#### TASK TO CARRY OUT
Please copy, word for word, the line holding "Essana, en 1997." and each line that follows it through the end of the entries, omitting any pictures.

Dataset items:
-.-.-

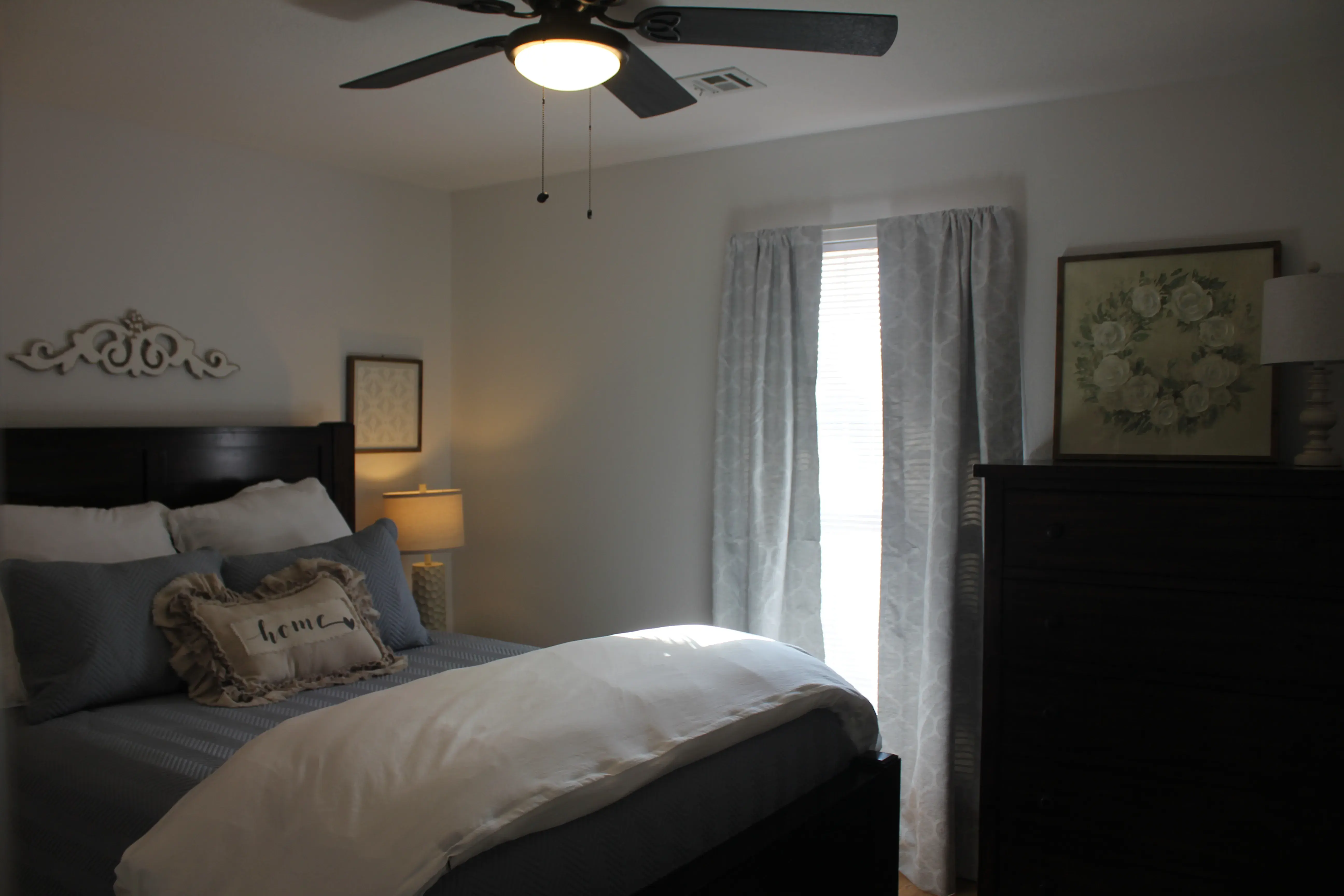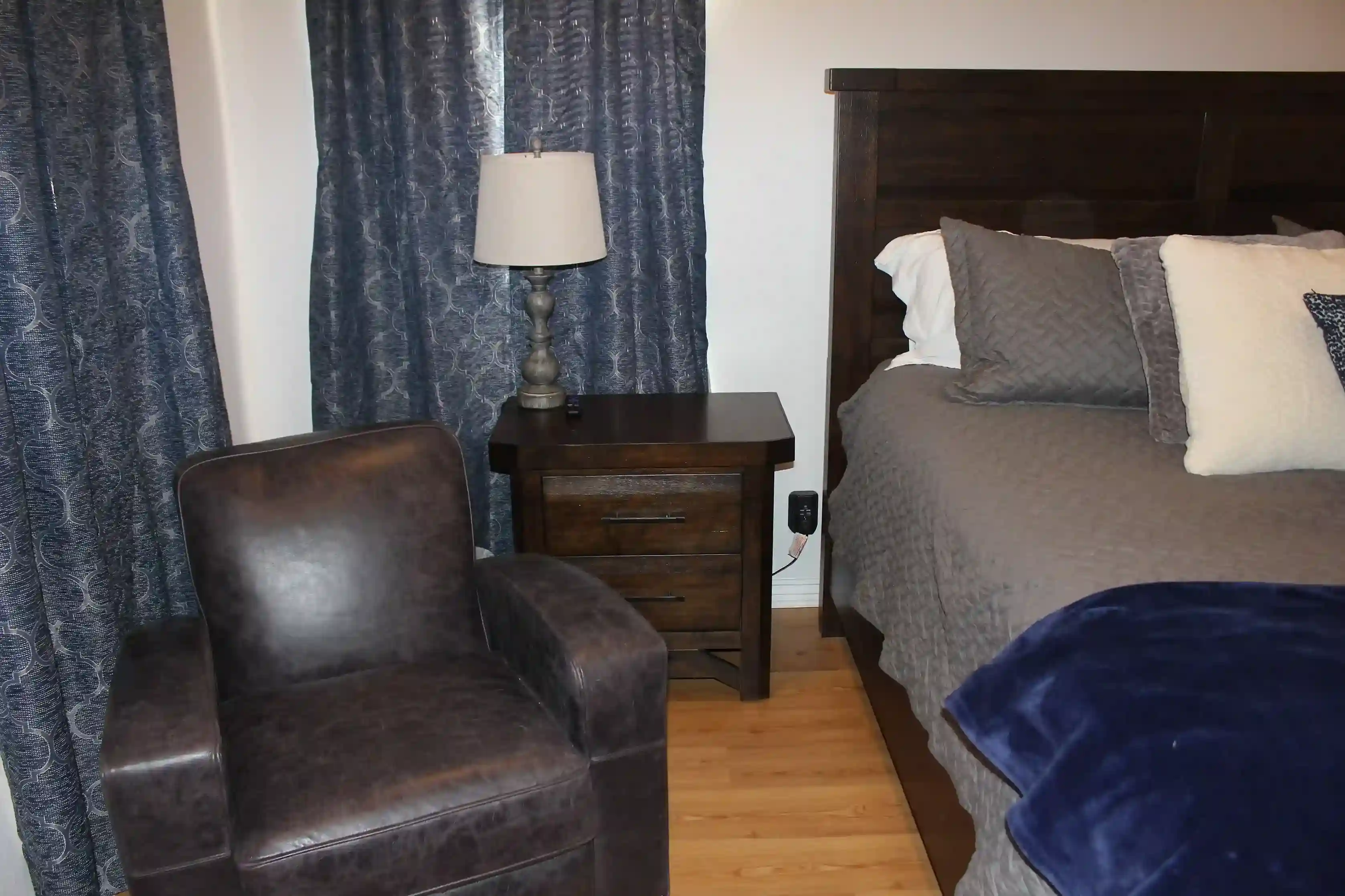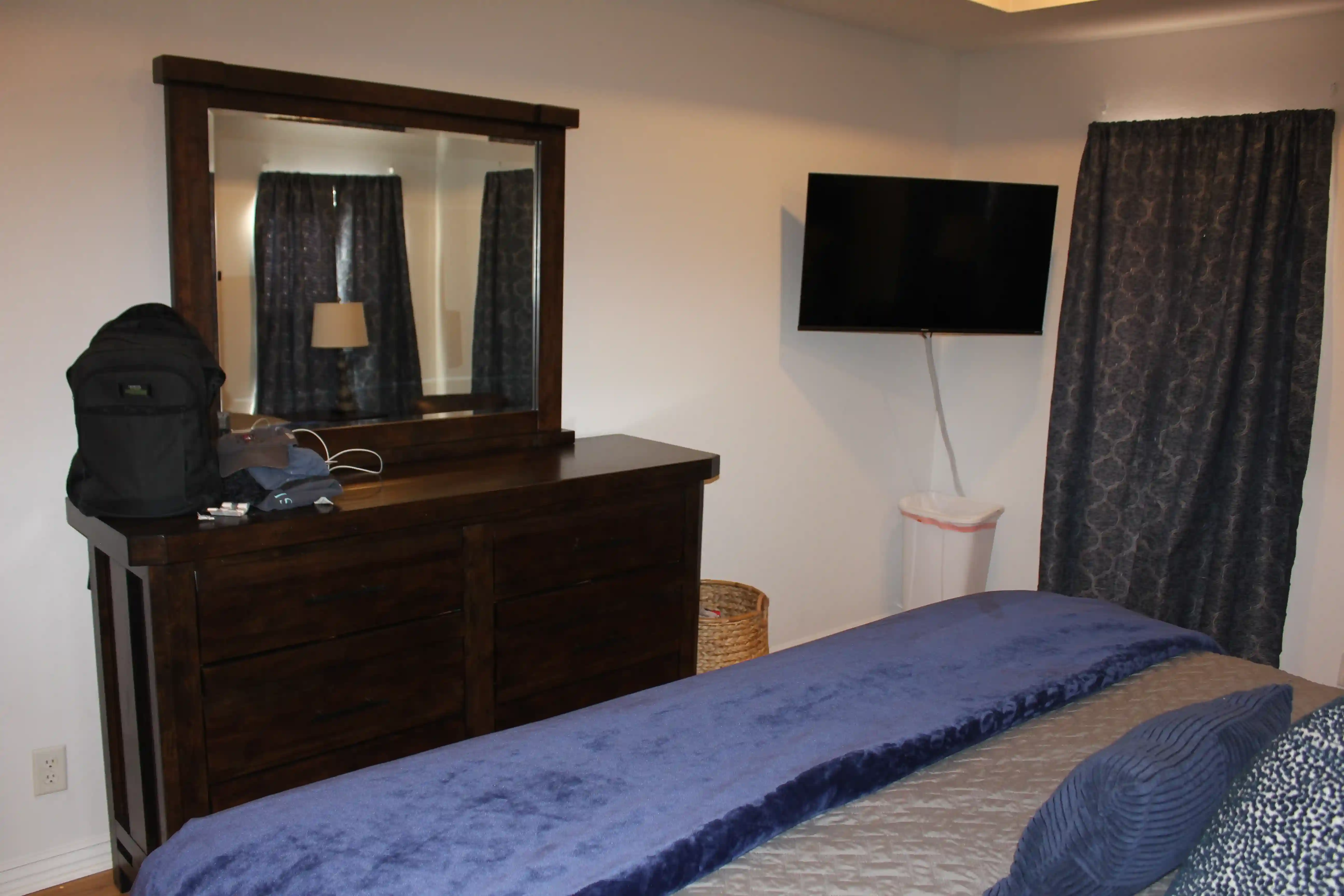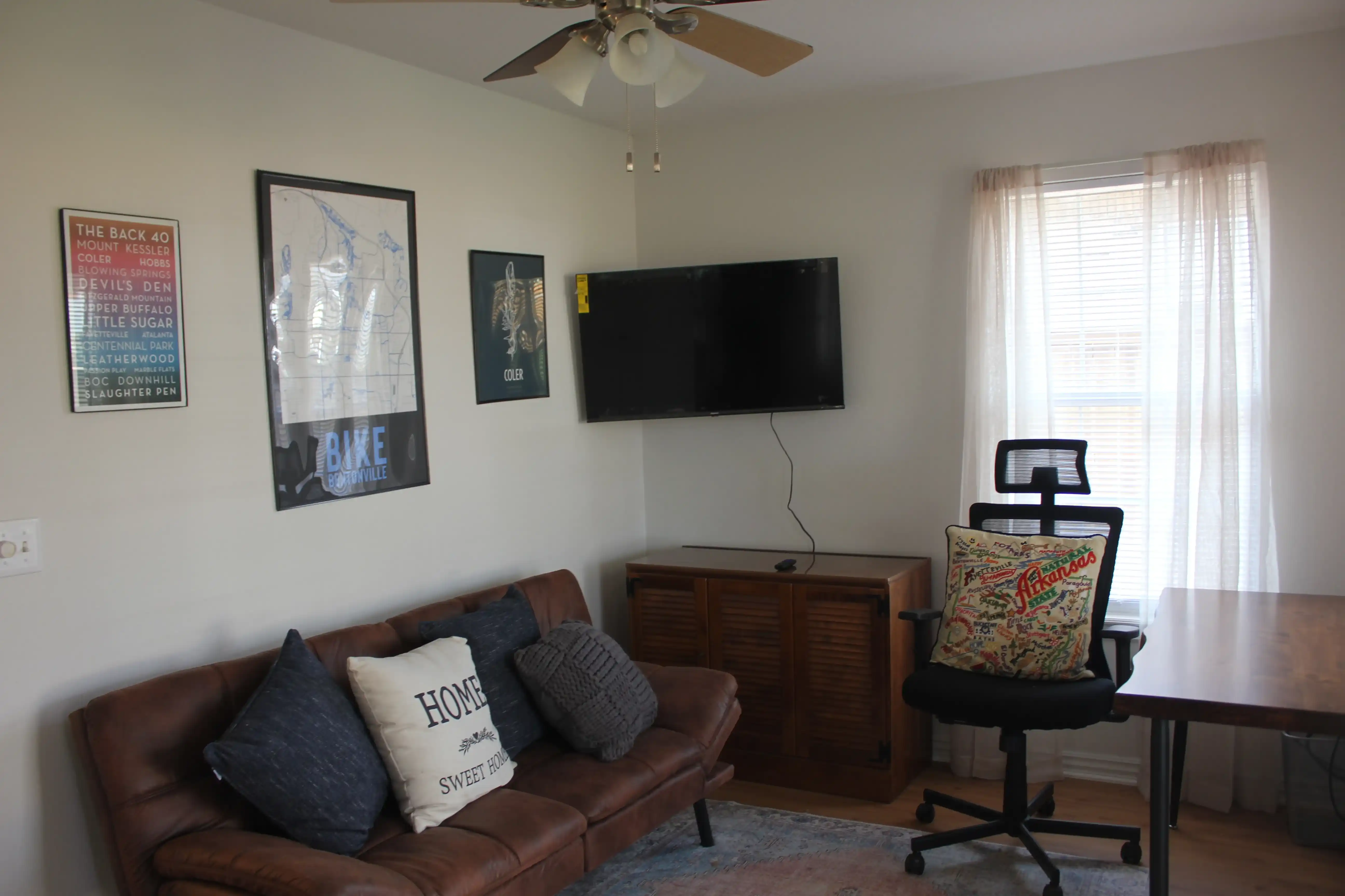 Final bedroom/office with new leather futon and a 55'" 4k Smart TV.
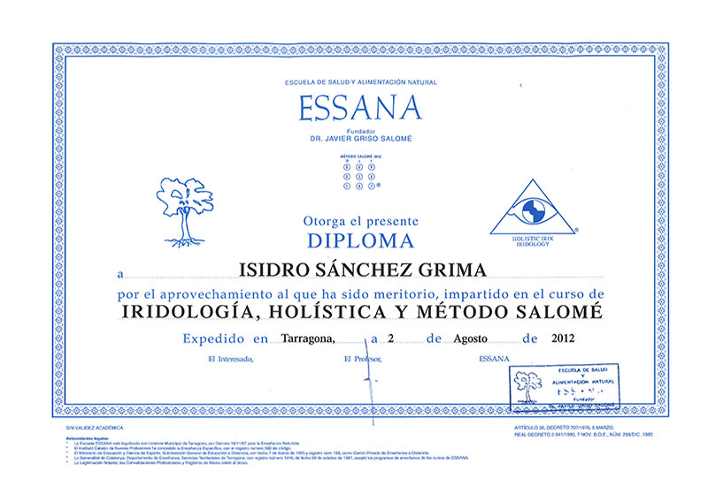 • Diplomado en Iridología Holística y Método Salomé, por Essana, en 1997.
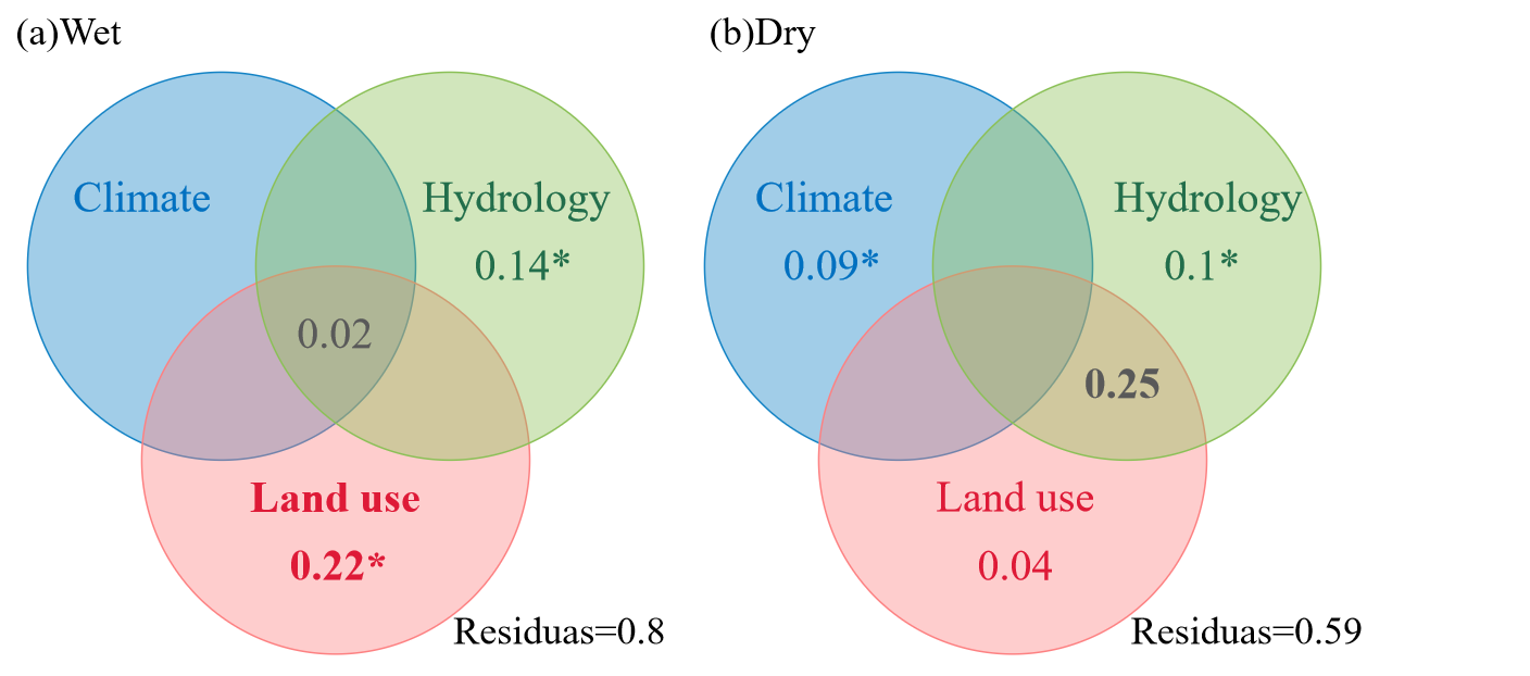 在丰水期,长江中下游干流水质的空间格局主要受岸带土地利用因素的影响,而枯水期则以土地利用与水文因子的共同作用为主(图6)。
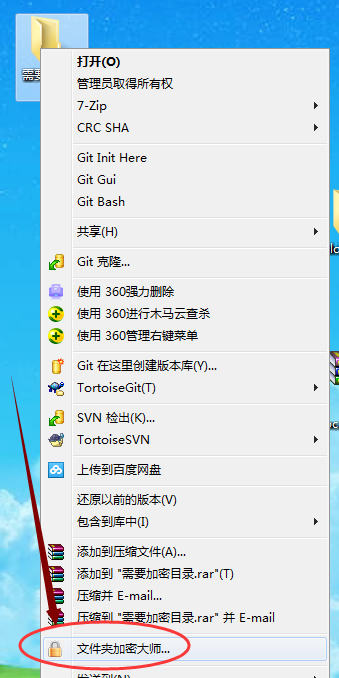我们安装服务成功后可以鼠标右键点击文件夹,会在菜单里出现文件夹加密选项!
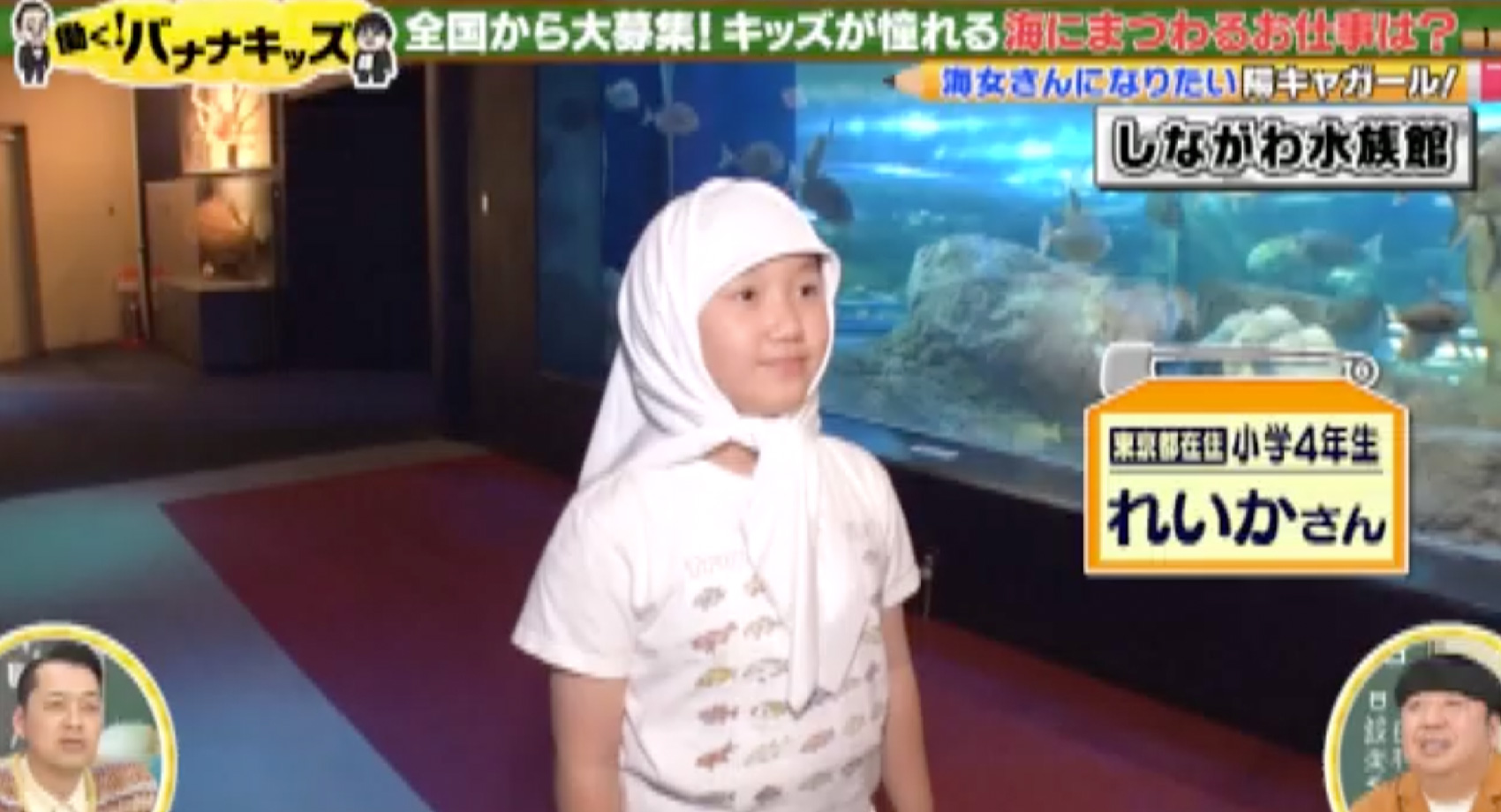 れいかさん「海女さんになりたい!」 最初に出てきたのは、独特の格好をしたれいかさん。将来やってみたいお仕事は…?海に潜ってアワビやサザエなどを獲る “海女さん”。「海女さんが着ている磯着が通販で売ってなくて…」と、帽子だけイメージしてきました。

-.-.-

#### WORKED SOLUTION
 • Diplomado en Iridología Holística y Método Salomé, por Essana, en 1997.
 在丰水期,长江中下游干流水质的空间格局主要受岸带土地利用因素的影响,而枯水期则以土地利用与水文因子的共同作用为主(图6)。
我们安装服务成功后可以鼠标右键点击文件夹,会在菜单里出现文件夹加密选项!
 れいかさん「海女さんになりたい!」 最初に出てきたのは、独特の格好をしたれいかさん。将来やってみたいお仕事は…?海に潜ってアワビやサザエなどを獲る “海女さん”。「海女さんが着ている磯着が通販で売ってなくて…」と、帽子だけイメージしてきました。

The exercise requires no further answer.